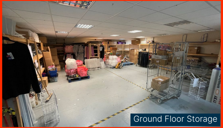
Ground Floor Storage

Note: The above areas have been calculated in accordance with the RICS Code of Measuring Practice on an approximate gross internal basis and must be verified by interested parties. Unless otherwise stated, the site areas/dimensions are scaled from the Promap Mapping System and must be verified by interested parties.
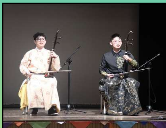
Guests playing an instrumental music
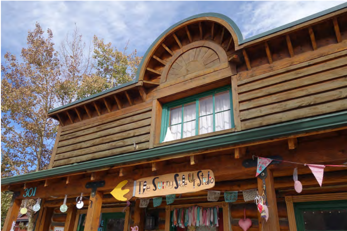
5ST.1762 Looking Northwest, detail Image: 301.MAI.7
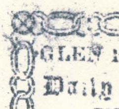
ENLARGED PHOTOCOPY OF TYPE IIIb CORNER ORNAMENTS

The cover above was mailed with a Type IIIb Glen Haven stamp. The Type IIIb stamp is identified by a circular ornament in the top left corner, and diamond-shaped ornaments in the other three corners.
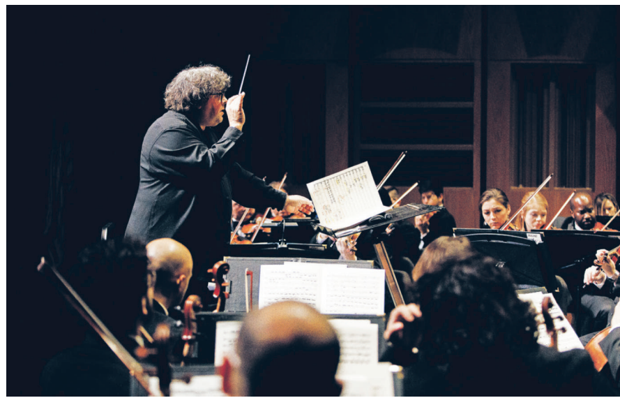
The Villages Philharmonic Orchestra will start off the holiday season with "Messiah," an elegant Christmas concert composed by George Frideric Handel in the 18th century.
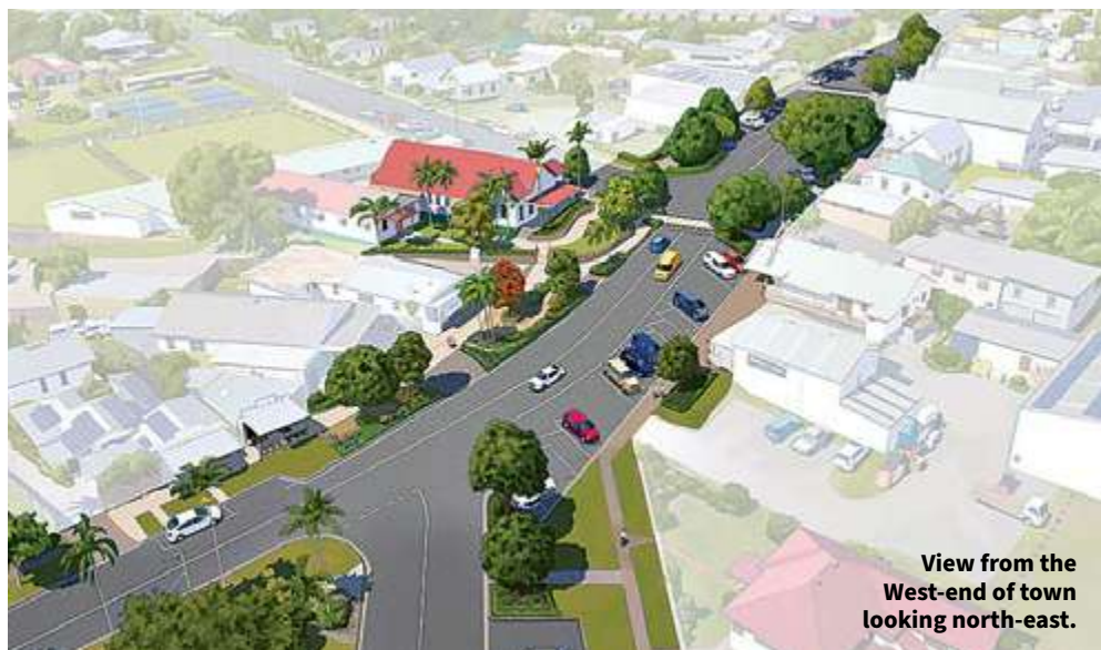
View from the West-end of town looking north-east.
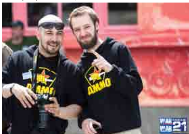
➤ Two happy modelers sporting the colors of our partner.
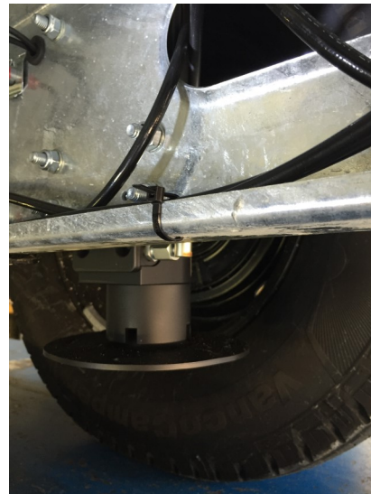
Right side of the vehicle.
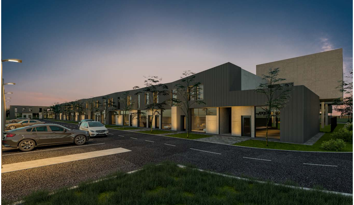
View of the public façade with rhythmic articulated entrances with individual front lawns.

The architectural development proposes a pedestrian scaled articulated public façade emphasising the horizontal character of the buildings with pronounced and rhythmically spaced entrances at ground level, large fenestration openings and an undulating second floor expression to emphasise movement and the linear perspective of the massing. At each end, the 2-storey masses are elevated off the ground to allow a covered entry to the private courtyard on either end which can accommodate various functions off the open courtyard space. At the main façade facing, Grove Avenue, the enclosed building forms are deliberately broken offering a view corridor of the courtyard forest.
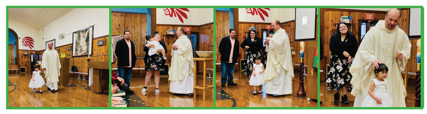
The last baptism in the gym Church.
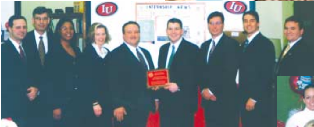
IUN Awards UPS for its outstanding contribution to the university.
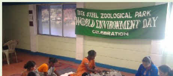
A workshop on theme “Best out of Waste” during WED-16
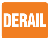
12" x 15" 2 lbs. 6DERAIL-O

Goal of the exercise
Give again, word for word, only the lines that run from the top of the data above through the line with "Right side of the vehicle.". Drop the pictures.

Task answer
Ground Floor Storage

Note: The above areas have been calculated in accordance with the RICS Code of Measuring Practice on an approximate gross internal basis and must be verified by interested parties. Unless otherwise stated, the site areas/dimensions are scaled from the Promap Mapping System and must be verified by interested parties.
Guests playing an instrumental music
5ST.1762 Looking Northwest, detail Image: 301.MAI.7
ENLARGED PHOTOCOPY OF TYPE IIIb CORNER ORNAMENTS

The cover above was mailed with a Type IIIb Glen Haven stamp. The Type IIIb stamp is identified by a circular ornament in the top left corner, and diamond-shaped ornaments in the other three corners.
The Villages Philharmonic Orchestra will start off the holiday season with "Messiah," an elegant Christmas concert composed by George Frideric Handel in the 18th century.
View from the West-end of town looking north-east.
➤ Two happy modelers sporting the colors of our partner.
Right side of the vehicle.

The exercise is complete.